It can be tough to lay down roots in Berlin. The city is so transient that to invest time in people and projects can end in heartbreak or a bad taste in one's mouth. On the other hand, that's one of Berlin's charms; you can move here, get a job under the table and live out your creative dreams because rent is still relatively cheap and it's easy enough to fare dodge on U-Bahn. But when we tracked down Laura Lee and Andreya Casablanca, the two dream weavers of Berlin-based band Gurr, in a glamorously pink (but very dingy) venue bathroom, they seemed to have other things to say about Berlin, what they've built here, and where they're taking Gurr.
Watch our premiere episode for season 3 featuring this dynamic duo and find out more in their interview below.
WHAT’S THE CURRENT SCENE IN BERLIN LIKE FOR FEMALE BANDS?
Laura: We created this instagram site called We Formed A Band basically to kind of debunk the argument that there aren’t many female, non-male bands. In many festival line ups, there’s this invisibility of musicians that aren’t white and male, so usually the argument that we got from that is “oh, there are no bands.” We’re like, okay so there’s already so many initiatives right now that try to give more visibility to those artists. There’s this thing called Sirens on Stage that is basically a booking agency that puts female artists on a website and people can write us these handwritten notes that say “Hi, I’m looking for a drummer for my indie rock band, my influences are this and this” in their language. German is already a bit of a sexist language where you can say (schlatsoyga).
Andreya: There’s always a female version of the noun.
Laura: Yeah, so we try to encourage people if they send us stuff by saying “oh, maybe you can write it a little bit more inclusive so that other people feel addressed.” People so far have been super nice about it and said things like “yeah sure, we’ll do that” and they’re super open to criticism, which, we don’t want to call anyone out - it’s just that sometimes you don’t think about it.
TECHNO AND ELECTRONIC MUSIC HAS SUCH A BIG HOLD ON THE BERLIN MUSIC SCENE — IS THERE SPACE FOR ROCK ‘N’ ROLL?
Andreya: I think it’s hard in general right now for the genre of guitar music It’s weird because I think, yeah techno and electronic music is everywhere right now but it’s also in every other city I feel like. But I think what is cool about Berlin is that it’s so creative that a lot of the times, I think artists from that genre also collaborate with other artists or experiment, and it goes beyond the genre borders and more into art forms, or something.

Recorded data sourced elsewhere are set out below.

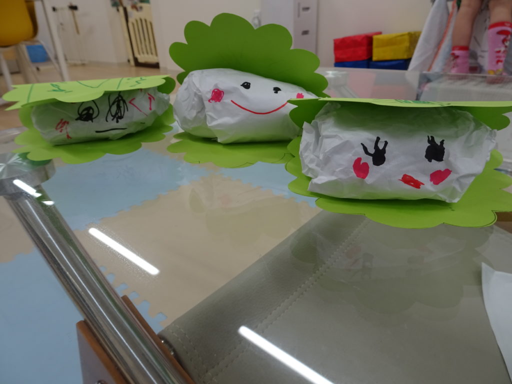 4月28日(木) 新聞紙と半紙を使って柏餅づくりをしました。 新聞紙のクシュッとした感触を感じ、 力いっぱい丸めることが出来ました!! お餅についてみんなで楽しく会話も広がり、 個性豊かな可愛らしい柏餅が完成しました。 […]
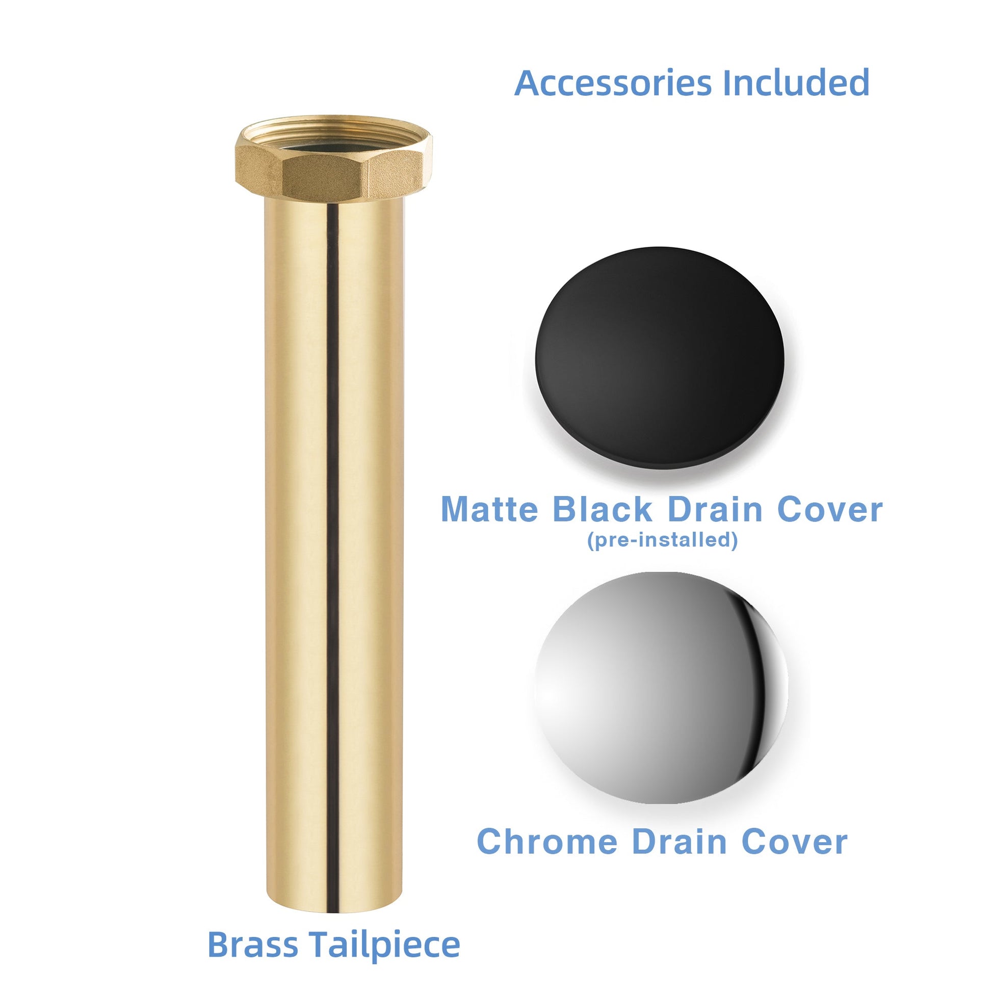 [Included]: Industrial-grade brass tailpiece and two drain covers (matte black pre-installed, extra chrome)
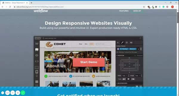 从产品定位上看,Webflow的主要是以下四个方面:设计、搭建和发布;无代码和拖拉拽;响应式网站设计;HTML元素级自定义这四个定位也直接体现在了Webflow官网的设计和布局上,首先是2013年版的官网,我们可以看到他们特性功能点聚焦在。
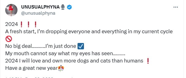 “No big deal. I’m just done. My mouth cannot say what my eyes has seen. 2024, I will love and own more dogs and cats than humans! Have a great new year.”

We’re not trying to say “oh, it sucks, there’s no place for guitar music, fuck that.”
HAS Berlin influenced your music in any way?
Andreya: I think a really big influence is that we recorded it in Berlin and we wrote most of the songs in Berlin. We recorded at UFO Sound studios which is in Prenzlauerberg and then one song we recorded in Kreuzberg and I feel like, it all happened during the summer months. I think to me, it kind of has this feel or taste, but maybe it’s just like my nostalgic memory of it. It also draws up a little bit on the start-up culture of Berlin or about this like, being in a bubble and like, following a thing, but you’re not really sure if that’s what you wanna follow at all - you just like doing it.
IT DOES HAVE THAT STRONG DIY SPIRIT! DOES THE CITY HOLD ANY SPECIAL MEANING TO YOU?
Andreya: It’s a good home base. The thing is, we travel so much that it’s always really nice to come back. If we were there full time, I think we would still go to other places to record or write or something. Everyone in Berlin wants to move to New York or LA or London, and then everyone in London wants to move to Berlin, and everyone in New York wants to move to Berlin, and everyone is just hopping and super restless and looking for things, I don’t know. But I think it’s good because Berlin is cheap and it has really good food. All the other places don’t have that. Berlin is the best!
WHAT’s next on the cards for gurr?
Laura: Right now, we’re working with this festival called Heimspiel Knyphausen and they wanted to give one bill spot to a man that was found on We Formed A Band. Most of the stuff we do with Gurr, we don’t think about it too much, we just do it, and then it just goes its own way a little bit. If we had more time, we would’ve loved to have an extra opener for this tour for example, and just get these kinds of bands.